ASSIGNMENT:
Every record is to be duplicated exactly as it reads, without its images.

# # # #

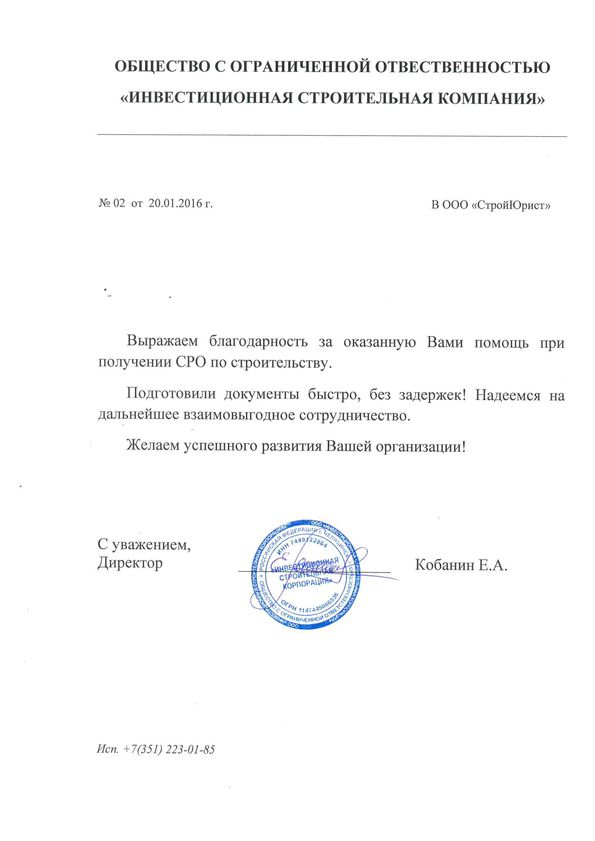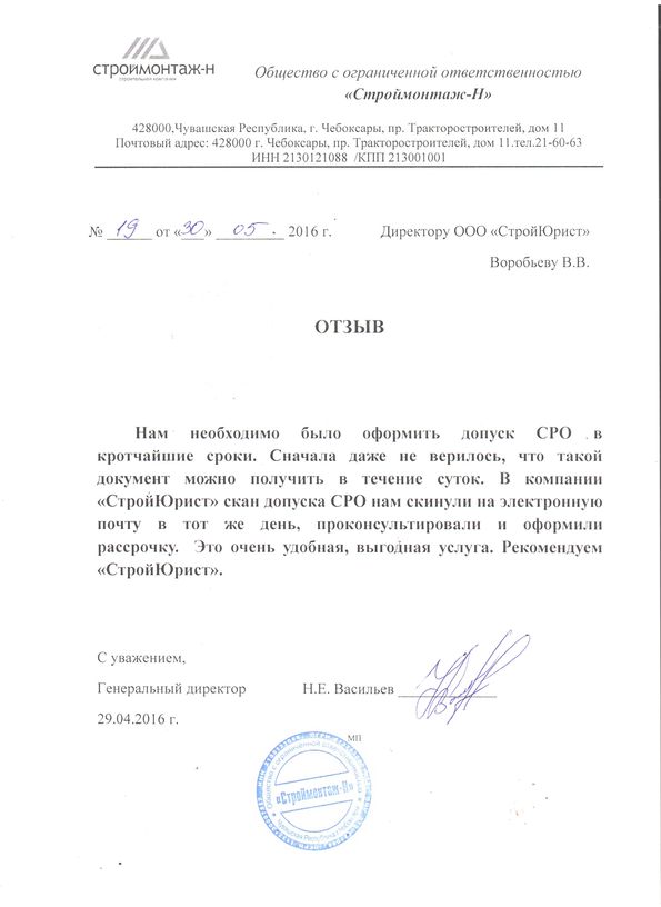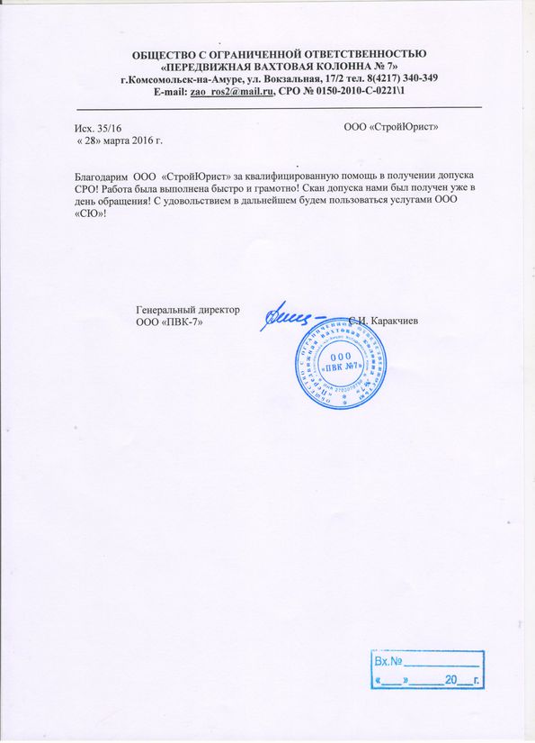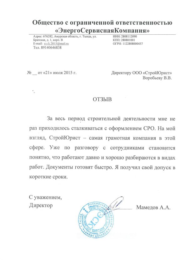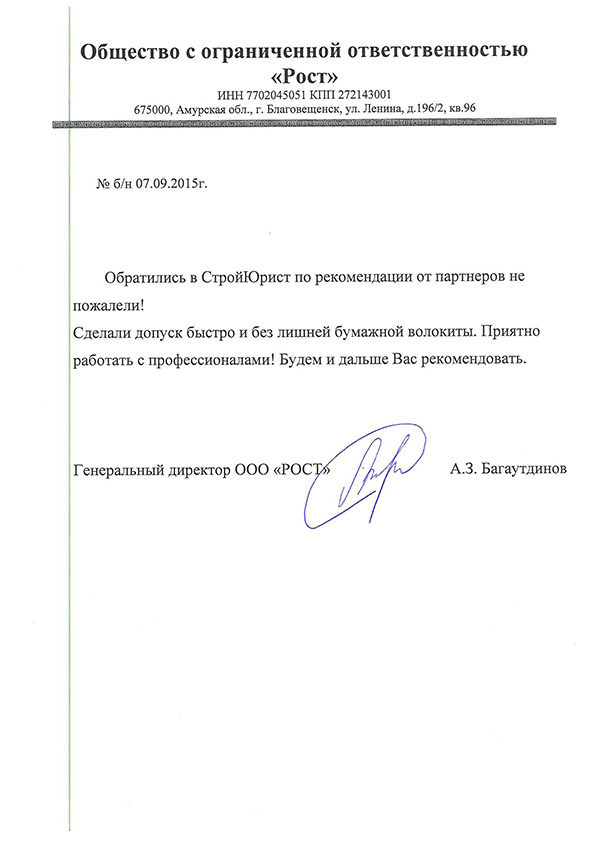 Отзывы клиентов "СтройЮрист" по вступлению в СРО в Благовещенске
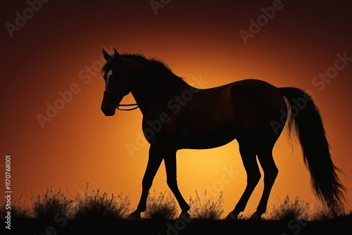 araffe walking in the sunset with a horse in the foreground
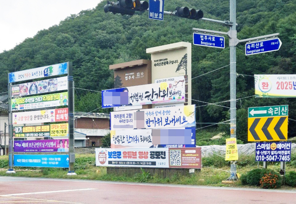 º¸Àº±º ¼Ó¸®»ê¸é »óÆÇ»ï°Å¸®¿¡ ¼³Ä¡µÈ °ü±¤ ¾È³»ÆÇÀÌ Á¤Ä¡ÀεéÀÇ Çö¼ö¸·À¸·Î °¡·ÁÁ® °ü±¤°´µéÀÇ ´«»ìÀ» ÂîǪ¸®°Ô Çϰí ÀÖ´Ù.
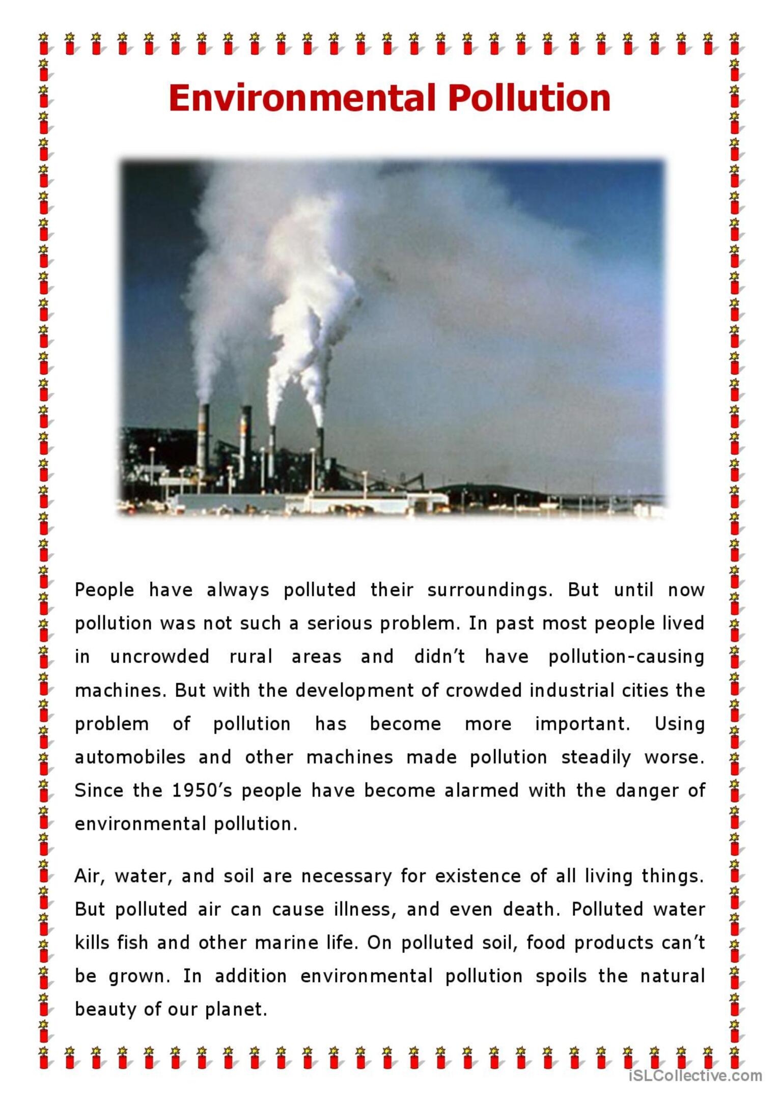Environmental Pollution Reading For English ESL Worksheets Pdf DocEnvironmental Pollution Reading For English ESL Worksheets Pdf Doc
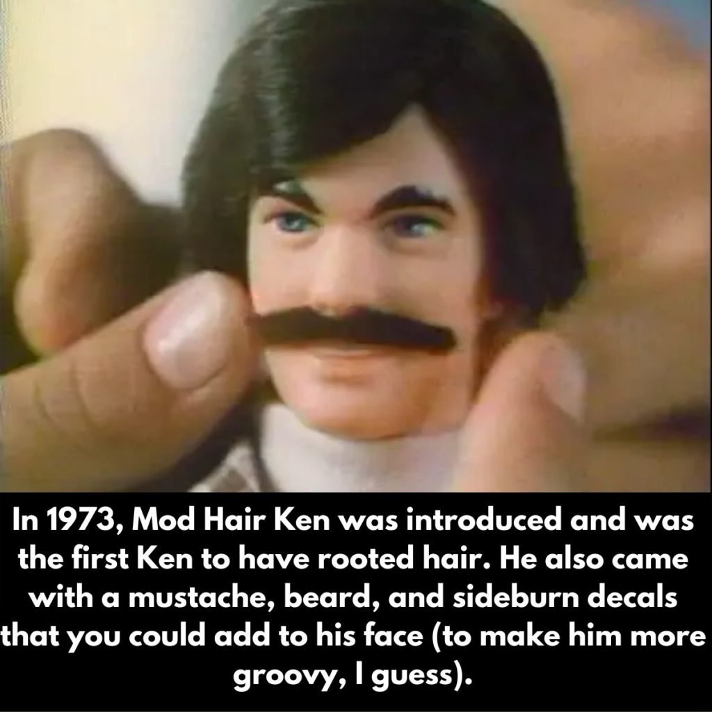 First, it had real rooted hair, and he came with stick-on facial hair to fit the times: a mustache, a beard a sideburns. We have a suggestion for a new Ken doll, if anyone in Mattel is reading this: Star-Burns Ken! A Ken doll with star-shaped star burns, inspired by Star Burns from Community.

# # # #

YOUR RESPONSE:
 Отзывы клиентов "СтройЮрист" по вступлению в СРО в Благовещенске
 araffe walking in the sunset with a horse in the foreground
 º¸Àº±º ¼Ó¸®»ê¸é »óÆÇ»ï°Å¸®¿¡ ¼³Ä¡µÈ °ü±¤ ¾È³»ÆÇÀÌ Á¤Ä¡ÀεéÀÇ Çö¼ö¸·À¸·Î °¡·ÁÁ® °ü±¤°´µéÀÇ ´«»ìÀ» ÂîǪ¸®°Ô Çϰí ÀÖ´Ù.
Environmental Pollution Reading For English ESL Worksheets Pdf DocEnvironmental Pollution Reading For English ESL Worksheets Pdf Doc
 First, it had real rooted hair, and he came with stick-on facial hair to fit the times: a mustache, a beard a sideburns. We have a suggestion for a new Ken doll, if anyone in Mattel is reading this: Star-Burns Ken! A Ken doll with star-shaped star burns, inspired by Star Burns from Community.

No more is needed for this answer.